_Task directions_: Please transcribe the listing below in full, exactly as written, leaving out its pictures.

_Input data_:

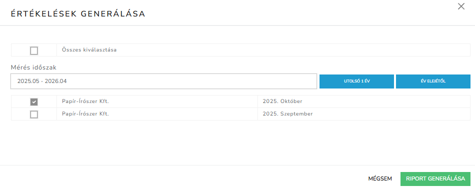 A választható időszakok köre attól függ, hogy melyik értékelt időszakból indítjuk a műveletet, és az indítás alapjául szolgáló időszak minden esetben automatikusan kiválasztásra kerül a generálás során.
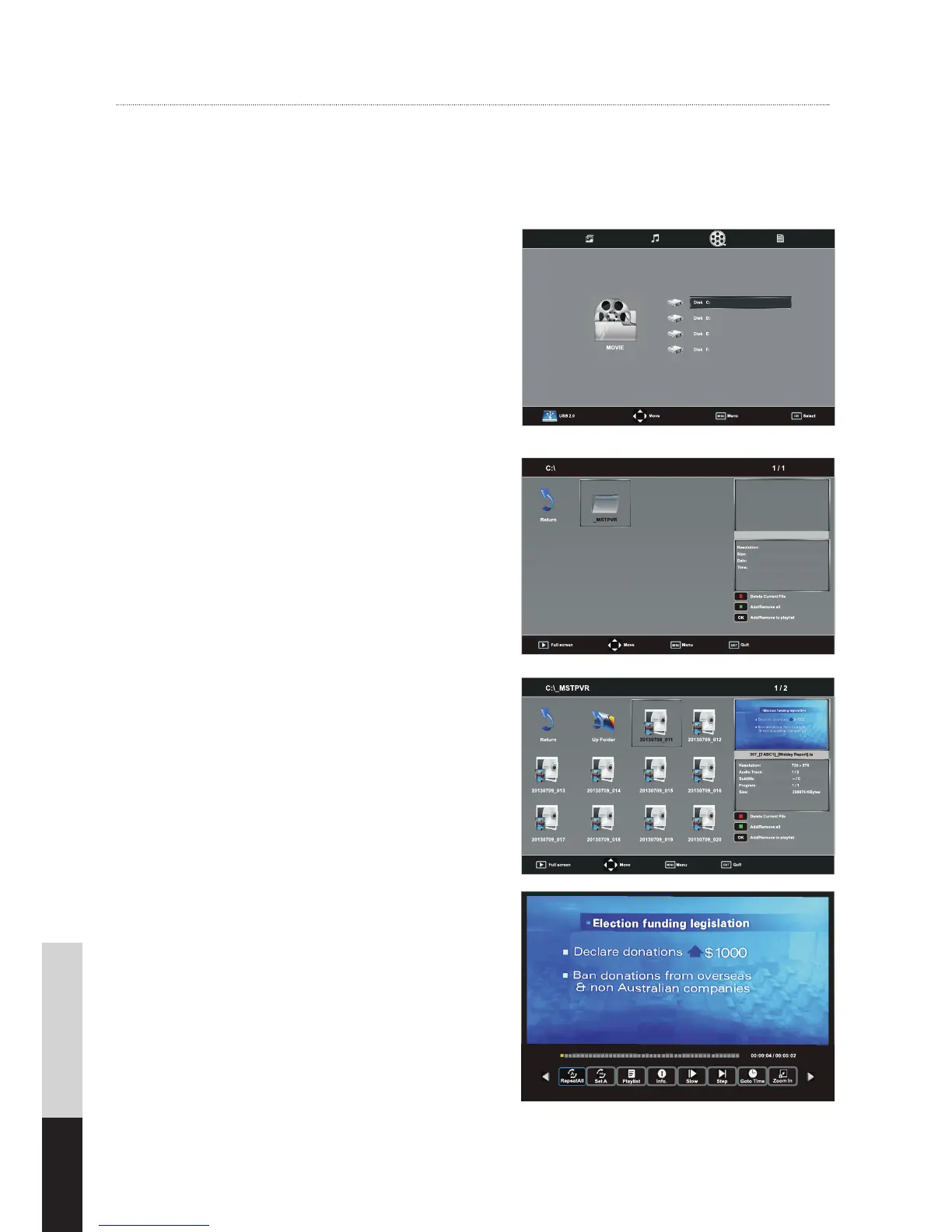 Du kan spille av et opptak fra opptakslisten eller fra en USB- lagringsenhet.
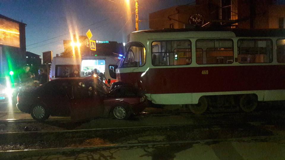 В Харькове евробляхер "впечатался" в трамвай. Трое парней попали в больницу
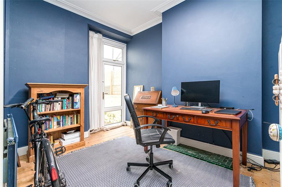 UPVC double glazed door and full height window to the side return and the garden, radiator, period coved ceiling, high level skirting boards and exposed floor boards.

_Solution to the exercise_:
 A választható időszakok köre attól függ, hogy melyik értékelt időszakból indítjuk a műveletet, és az indítás alapjául szolgáló időszak minden esetben automatikusan kiválasztásra kerül a generálás során.
 Du kan spille av et opptak fra opptakslisten eller fra en USB- lagringsenhet.
 В Харькове евробляхер "впечатался" в трамвай. Трое парней попали в больницу
 UPVC double glazed door and full height window to the side return and the garden, radiator, period coved ceiling, high level skirting boards and exposed floor boards.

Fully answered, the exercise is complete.